╭─ Data to process
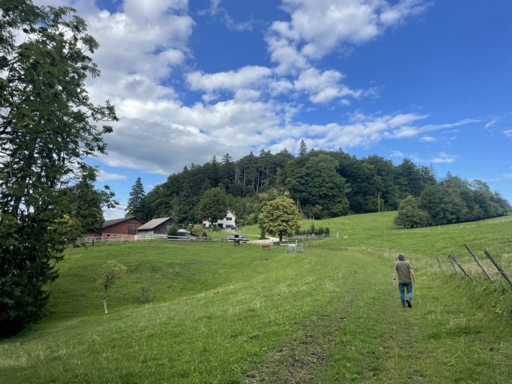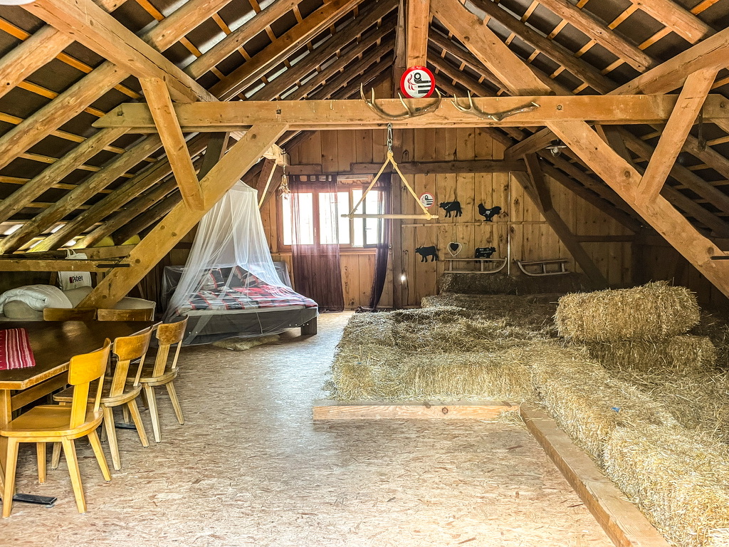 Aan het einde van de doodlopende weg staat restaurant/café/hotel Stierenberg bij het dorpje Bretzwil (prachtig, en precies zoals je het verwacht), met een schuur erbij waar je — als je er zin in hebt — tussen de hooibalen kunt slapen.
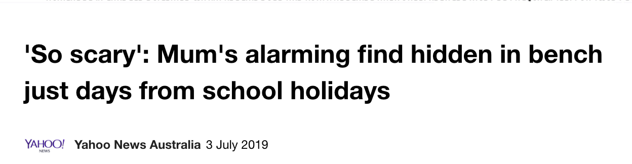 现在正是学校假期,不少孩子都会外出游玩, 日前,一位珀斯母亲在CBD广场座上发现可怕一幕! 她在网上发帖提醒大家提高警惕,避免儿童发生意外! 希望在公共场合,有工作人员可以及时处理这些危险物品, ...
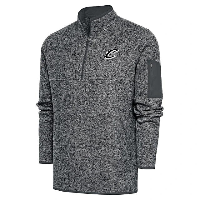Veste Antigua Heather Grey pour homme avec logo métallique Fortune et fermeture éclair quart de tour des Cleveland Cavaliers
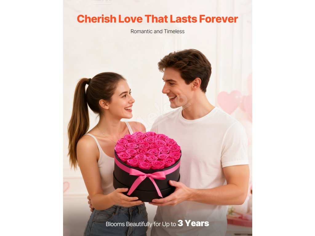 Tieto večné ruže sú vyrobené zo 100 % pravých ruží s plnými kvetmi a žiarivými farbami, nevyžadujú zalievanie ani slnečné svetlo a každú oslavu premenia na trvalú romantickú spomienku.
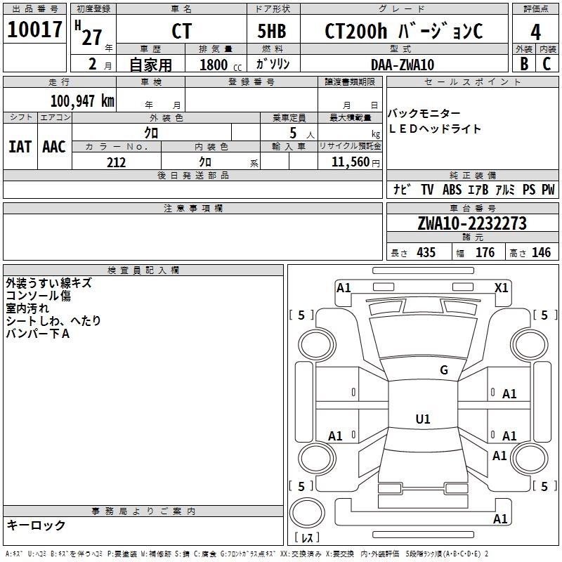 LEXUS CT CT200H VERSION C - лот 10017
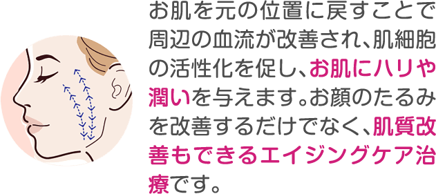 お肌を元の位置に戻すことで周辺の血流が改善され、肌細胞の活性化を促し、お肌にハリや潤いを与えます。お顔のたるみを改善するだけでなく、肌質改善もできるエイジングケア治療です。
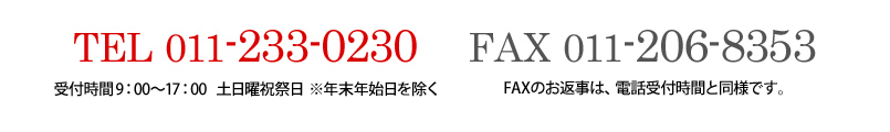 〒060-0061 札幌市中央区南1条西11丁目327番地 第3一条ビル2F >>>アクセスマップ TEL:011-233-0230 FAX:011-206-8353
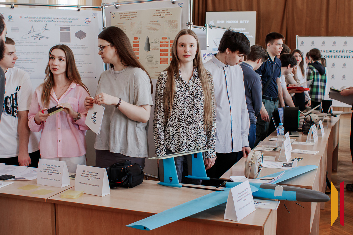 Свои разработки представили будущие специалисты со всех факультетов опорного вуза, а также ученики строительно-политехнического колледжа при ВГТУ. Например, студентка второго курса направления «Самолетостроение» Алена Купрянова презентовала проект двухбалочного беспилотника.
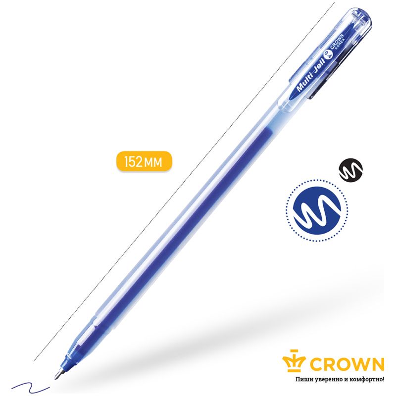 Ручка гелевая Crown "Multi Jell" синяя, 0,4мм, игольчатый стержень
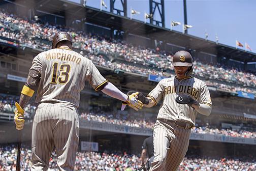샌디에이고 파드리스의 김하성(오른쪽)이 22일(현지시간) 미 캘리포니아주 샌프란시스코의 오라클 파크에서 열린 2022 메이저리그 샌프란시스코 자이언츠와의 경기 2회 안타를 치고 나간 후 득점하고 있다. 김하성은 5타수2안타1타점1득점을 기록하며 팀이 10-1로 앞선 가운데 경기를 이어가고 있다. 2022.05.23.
╰─
Exercise directions
Give back, word for word, the lines from the one with "Tieto večné ruže" to the end of the records above, and no pictures.

Exercise response
 Tieto večné ruže sú vyrobené zo 100 % pravých ruží s plnými kvetmi a žiarivými farbami, nevyžadujú zalievanie ani slnečné svetlo a každú oslavu premenia na trvalú romantickú spomienku.
 LEXUS CT CT200H VERSION C - лот 10017
 お肌を元の位置に戻すことで周辺の血流が改善され、肌細胞の活性化を促し、お肌にハリや潤いを与えます。お顔のたるみを改善するだけでなく、肌質改善もできるエイジングケア治療です。
 〒060-0061 札幌市中央区南1条西11丁目327番地 第3一条ビル2F >>>アクセスマップ TEL:011-233-0230 FAX:011-206-8353
 Свои разработки представили будущие специалисты со всех факультетов опорного вуза, а также ученики строительно-политехнического колледжа при ВГТУ. Например, студентка второго курса направления «Самолетостроение» Алена Купрянова презентовала проект двухбалочного беспилотника.
 Ручка гелевая Crown "Multi Jell" синяя, 0,4мм, игольчатый стержень
샌디에이고 파드리스의 김하성(오른쪽)이 22일(현지시간) 미 캘리포니아주 샌프란시스코의 오라클 파크에서 열린 2022 메이저리그 샌프란시스코 자이언츠와의 경기 2회 안타를 치고 나간 후 득점하고 있다. 김하성은 5타수2안타1타점1득점을 기록하며 팀이 10-1로 앞선 가운데 경기를 이어가고 있다. 2022.05.23.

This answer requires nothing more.